Her Majesty Queen Elizabeth dropped by New York yesterday for her third official visit to the city as queen (after visiting Canada for nine days — and we only got five hours — what’s up with that?). She spoke at the U.N., went to Ground Zero, and did a memorial service for British citizens killed on 9/11 at Hanover Square in the Financial District. All while wearing literally the least appropriate outfit ever for 100 degree weather, and not breaking a sweat. Is she human?

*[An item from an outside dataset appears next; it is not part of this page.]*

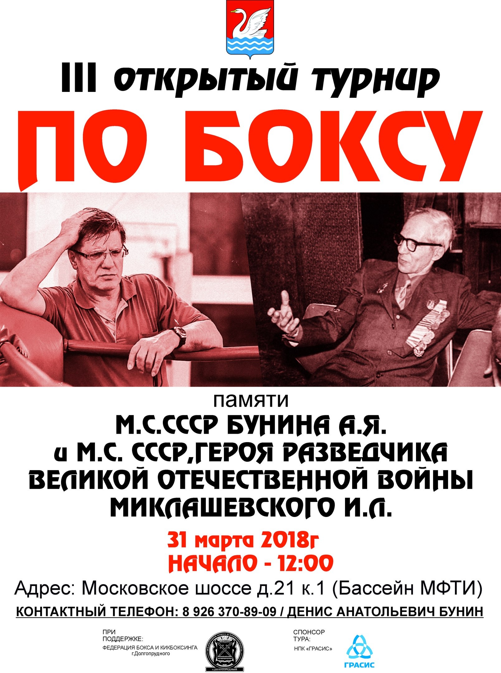 Приглашаем желающих спортсменов и зрителе на третий открытый турнир памяти мастера спорта СССР Бунина А.Я. и разведчика ВОВ Миклашевского И.Л., который состоится 31 марта 2018 года в нашей школе бокса

A quick Google image search for “Queen Elizabeth sweating” yielded plenty of pics of H.M. The Queen, but none of her with that tell-tale glisten. What is her secret?
The New York Times confirms: “Not a bead of sweat on her face, Elizabeth inched her way past an honor guard.” Paula Berry, of Brooklyn, is quoted as claiming to have even “felt a breeze off her.” We spent most of yesterday replacing the five gallons of fluids lost in sweat, so we’re not sure how she does it. We have a few theories, though.
First of all, it could be that the British royal family are just superhuman, or at least of hardier stock than the rest of us. Take the Queen Mother, for example. She lived to be 101 and consistently kicked ass till the very end. Elizabeth is now 84 and seems pretty damn spry, especially if she’s still out there doing state visits.
Another theory is that she has a special cooling system under her clothes. Elizabeth appeared yesterday in a sort of floral suit getup evocative of lawn tennis and scones. She was also in a pretty large hat, and gloves. Under the hat, she may have had an elaborate, tiny air conditioner (battery-run). Under the suit, advanced heat-wicking technology? In the gloves…a bunch of ice cubes?
Or, as a Briton, Elizabeth could have some kind of resistance to the dreaded Tudor-era “sweating sickness.” “The disease, unlike the plague, was not especially fatal to the poor, but rather, as Caius affirms, attacked the richer sort” — looking at you, royal family! Perhaps they built up defenses against it and kind of overcompensated, thereby not being able to sweat AT ALL, a new plague by which the modern royals are afflicted.
Finally, it could be that world leaders simply don’t sweat, at all. Maybe, in private, they pant, like dogs? Or wallow in mud, like pigs? We may never know.